Extend usability of algorithms

Some algorithms require the matrix to have a specific structure in order to be used. For example Hansen-Bliek-Rohn algorithm requires $\mathbf{A}$ to be an H-matrix. However, the algorithm can be extended to work to strongly regular matrices using inverse midpoint preconditioning. (Recall that an interval matrix is strongly regular if $A_c^{-1}\mathbf{A}$ is an H-matrix).

Improve numerical stability

Even if the algorithms theoretically work, they can be prone to numerical instability without preconditioning. This is demonstrated with the following example, a more deep theoretical analysis can be found in [NEU90].

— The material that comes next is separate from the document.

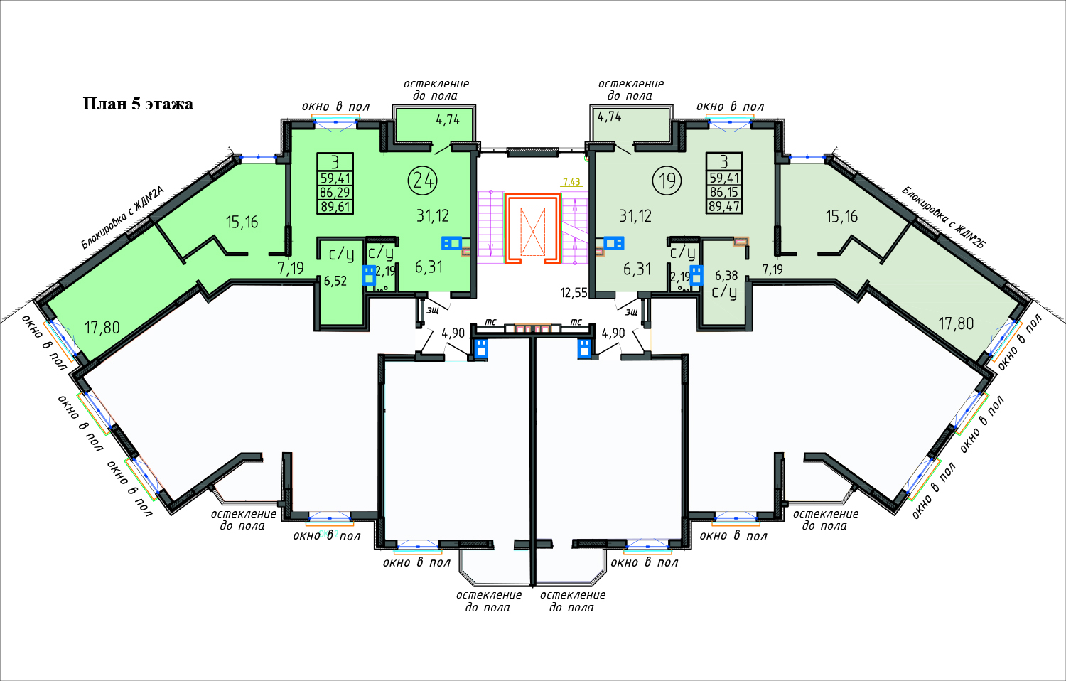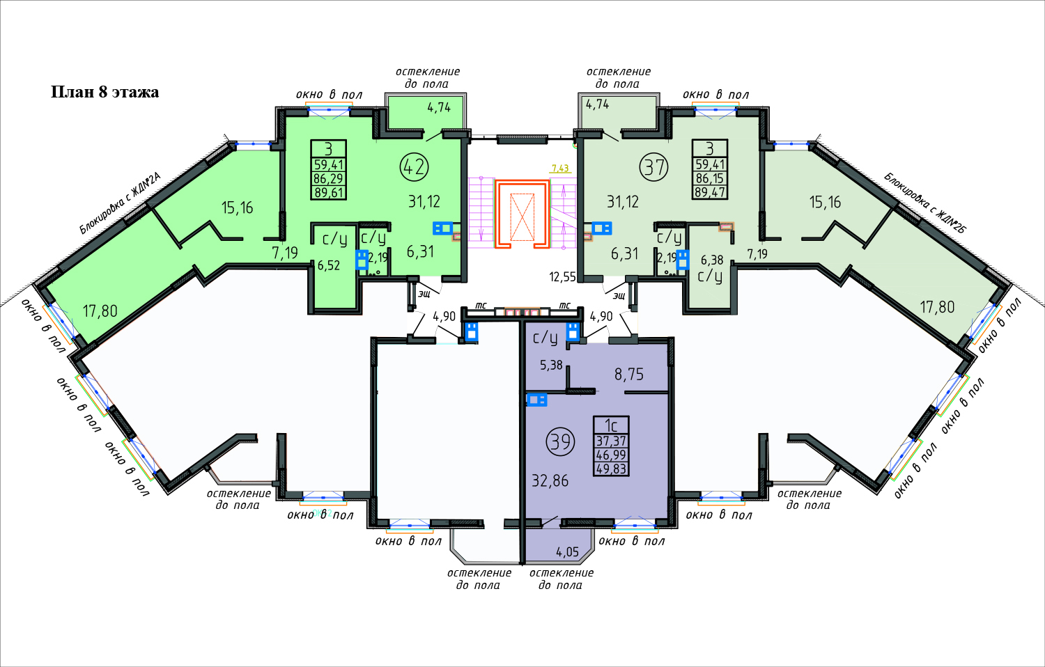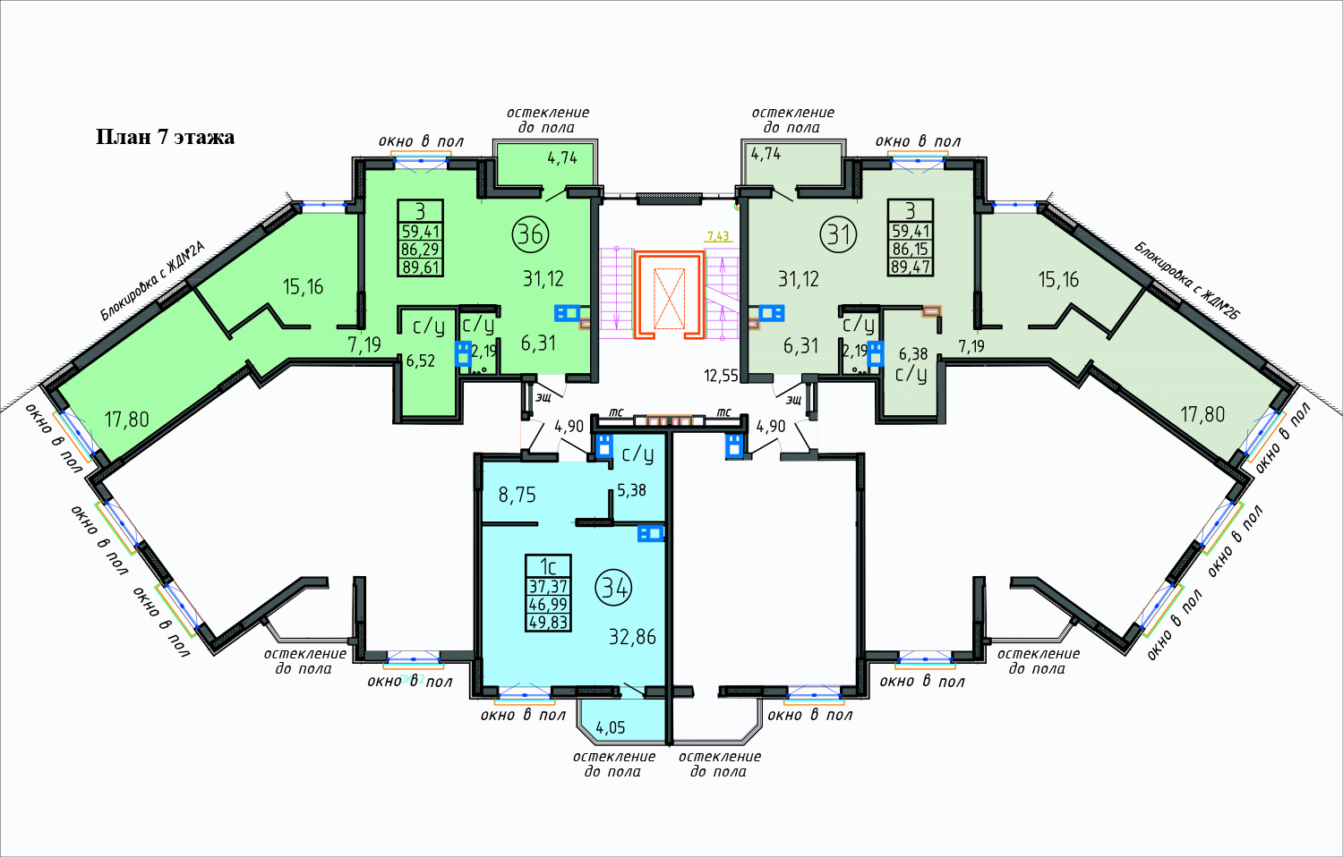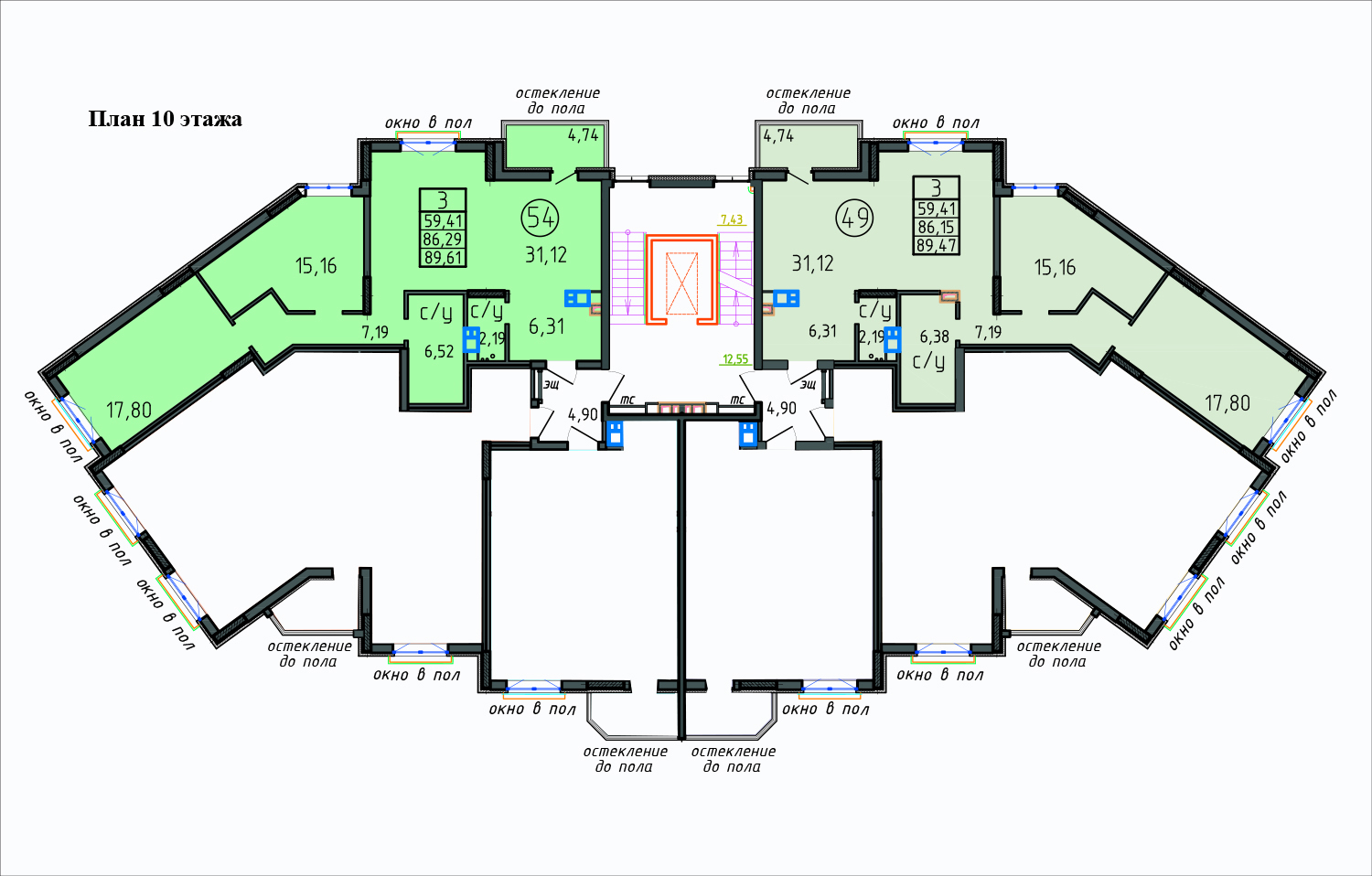 3-х (89,43 - 89,61 м2) комн. кв. |

Let $\mathbf{A}$ be an interval lower triangular matrix with all $[1, 1]$ in the lower part, for example

using IntervalLinearAlgebra

N = 5 # problem dimension
A = tril(fill(1..1, N, N))

5×5 Matrix{Interval{Float64}}:
 [1, 1]  [0, 0]  [0, 0]  [0, 0]  [0, 0]
 [1, 1]  [1, 1]  [0, 0]  [0, 0]  [0, 0]
 [1, 1]  [1, 1]  [1, 1]  [0, 0]  [0, 0]
 [1, 1]  [1, 1]  [1, 1]  [1, 1]  [0, 0]
 [1, 1]  [1, 1]  [1, 1]  [1, 1]  [1, 1]

and let $\mathbf{b}$ having $[-2, 2]$ as first element and all other elements set to zero

b = vcat(-2..2, fill(0, N-1))

5-element Vector{Interval{Float64}}:
 [-2, 2]
  [0, 0]
  [0, 0]
  [0, 0]
  [0, 0]

the "pen and paper" solution would be $[[-2, 2], [-2, 2], [0, 0], [0, 0], [0, 0]]^\mathsf{T}$, that is a vector with $[-2, 2]$ as first two elements and all other elements set to zero. Now, let us try to solve without preconditioning.

solve(A, b, GaussianElimination(), NoPrecondition())

5-element Vector{Interval{Float64}}:
   [-2, 2]
   [-2, 2]
   [-4, 4]
   [-8, 8]
 [-16, 16]

solve(A, b, HansenBliekRohn(), NoPrecondition())

5-element Vector{Interval{Float64}}:
   [-2, 2]
   [-2, 2]
   [-4, 4]
   [-8, 8]
 [-16, 16]

It can be seen that the width of the intervals grows exponentially, this gets worse with bigger matrices.

N = 100 # problem dimension
A1 = tril(fill(1..1, N, N))
b1 = [-2..2, fill(0..0, N-1)...]

solve(A1, b1, GaussianElimination(), NoPrecondition())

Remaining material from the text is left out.